Sadness: The Ordinary World

by Linda Cochrane

I close my eyes and I can feel the peace of my earliest memory of joy, as if I’m floating on a cloud in a mostly clear blue sky. I’m with my sister. I don’t know who I would be, or if I would have survived without her. I met Judy when I was five days old, a tiny preemie set down in my sixteen-month-old sister’s crib, against her blonde hair, soft as a baby’s cheek. When I got old enough to move my body at will, they say I liked to roll over, face deep in her hair, my tiny fingers clutching her blue flannel nightgown, where softness and warmth soothed me to sleep.
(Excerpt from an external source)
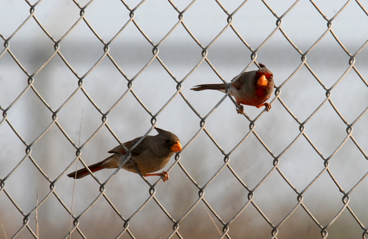 Below: A pair of Pyrrhuloxia, desert relatives the cardinal.
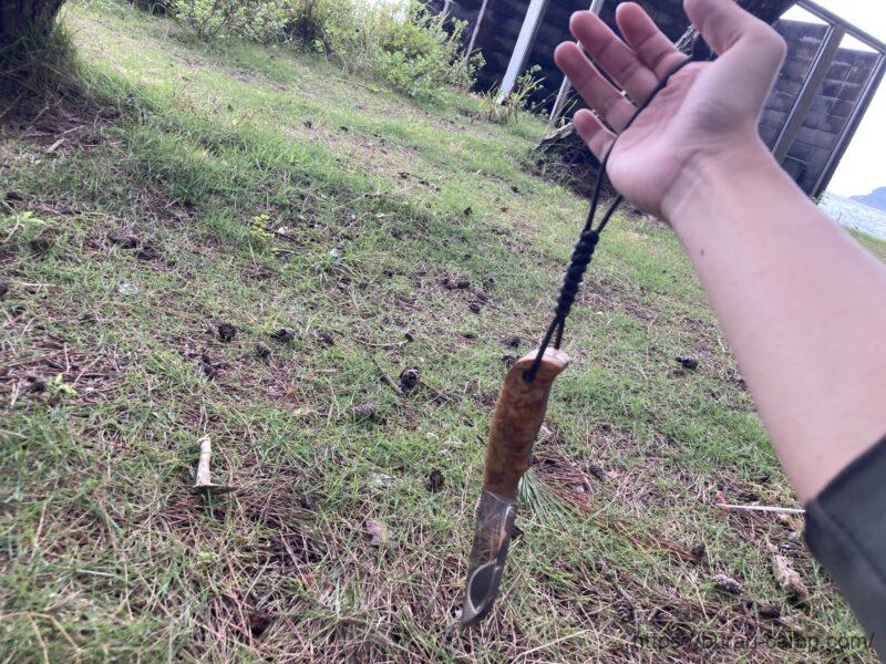 昼食後、今回買ったパラコードでナイフのストラップを編んでみました。

We slept on top of a chilly brown rubber sheet. I liked to rub parts of its slick coolness against my upper lip while sucking my thumb. Having my sister and my thumb so close cushioned the nighttime and nourished my small body with peaceful slumber. Judy was my first lullaby.

It’s quite difficult to recall my first memory of sadness, because sadness was such an ongoing, crushing memory throughout my childhood. I heard the prevailing messages of not being loved, and being a big disappointment to my mother so often that it makes it hard to tell you my earliest memory. Perhaps it was at birth, because she loved to tell me and others the story of how she told the nurses, “Get her away from me. She looks like a drowned rat.” I’m sure I was pure light. She just was unable to see it.

Looking at both memories, I feel so much love and gratitude for my sister, and so much love and compassion for my mother, and whatever her broken parts were. And lastly and surely not least, I feel only love and compassion for my brave self who has come to a place of profound self-love and self-forgiveness.